● **WORK TO COMPLETE**
Transcribe the records that follow. Keep every word exactly, and drop the pictures.

● **DATA LISTING**
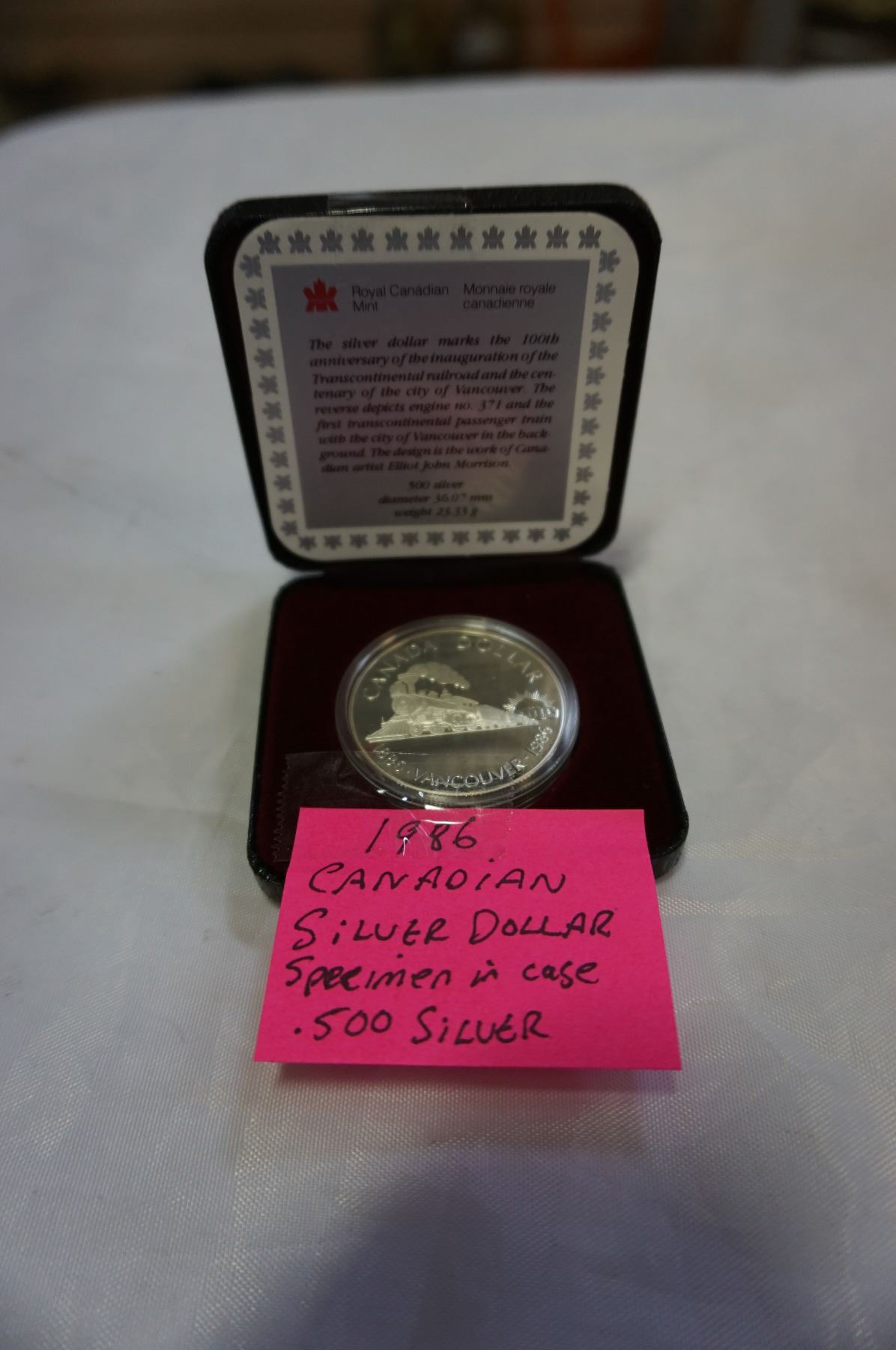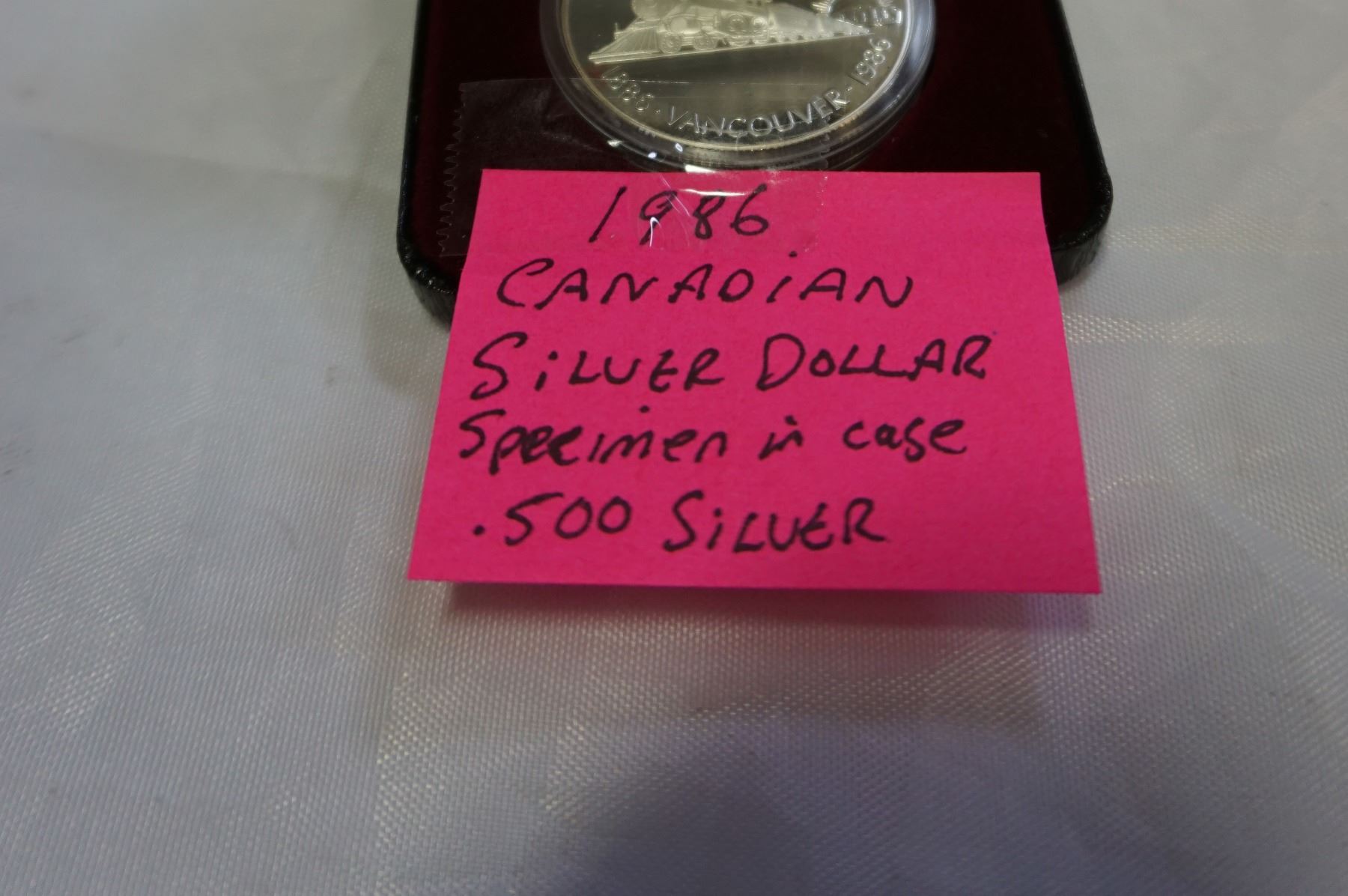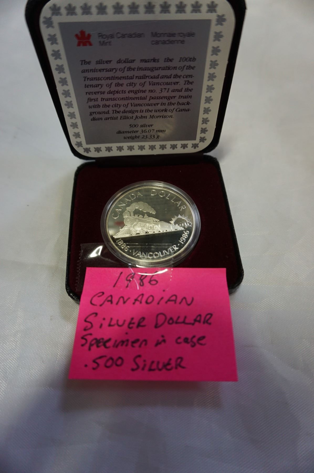 1986 CANADIAN SILVER DOLLAR SPECIMEN CASED DOLLAR .500 SILVER
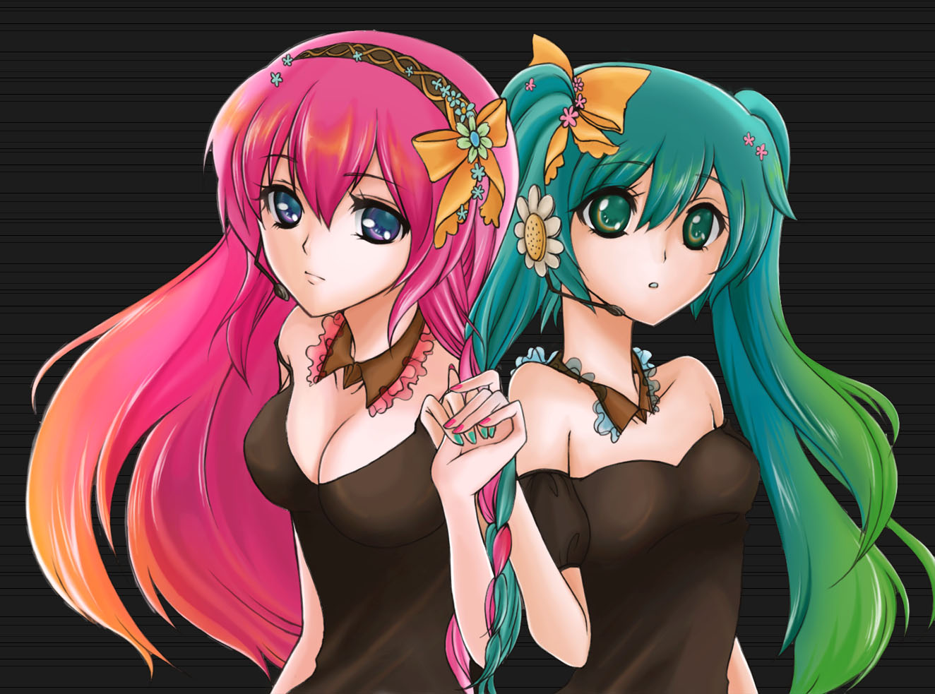 2girlsaqua eyesaqua hairbare shouldersblack backgroundblack dressblue eyesbreastscleavagedetached collardressfemale focusflowergradient hairhairbandholding handslong hairmicrophonemulticolored hairmultiple girlsnail polishpink hairstrap sliptwintailsyuri
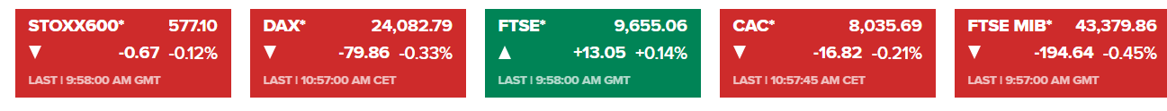 欧洲的Stoxx 600小幅下跌。多数主要股指几乎没有波动迹象,而地区股指涨跌互现。
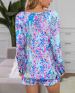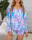 Floral Long Sleeve Top and Drawstring Shorts Set
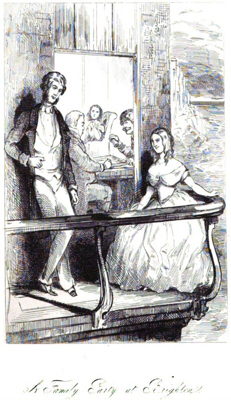 George Osborne and Rebecca Crawley are on the balcony of the inn at Brighton, looking at the ocean. He is leaning against the building, facing out, while she is seated by the railing, facing him. Through the doorway, Joseph Sedley and Rawdon Crawley can be seen inside at the table, playing backgammon. In the far background, Amelia Osborne is sitting alone in an armchair, looking forlornly at the others. Below the illustration is printed in cursive its title, “A Family Party at Brighton”.

● **WRITTEN ANSWER**
 1986 CANADIAN SILVER DOLLAR SPECIMEN CASED DOLLAR .500 SILVER
 2girlsaqua eyesaqua hairbare shouldersblack backgroundblack dressblue eyesbreastscleavagedetached collardressfemale focusflowergradient hairhairbandholding handslong hairmicrophonemulticolored hairmultiple girlsnail polishpink hairstrap sliptwintailsyuri
 欧洲的Stoxx 600小幅下跌。多数主要股指几乎没有波动迹象,而地区股指涨跌互现。
 Floral Long Sleeve Top and Drawstring Shorts Set
 George Osborne and Rebecca Crawley are on the balcony of the inn at Brighton, looking at the ocean. He is leaning against the building, facing out, while she is seated by the railing, facing him. Through the doorway, Joseph Sedley and Rawdon Crawley can be seen inside at the table, playing backgammon. In the far background, Amelia Osborne is sitting alone in an armchair, looking forlornly at the others. Below the illustration is printed in cursive its title, “A Family Party at Brighton”.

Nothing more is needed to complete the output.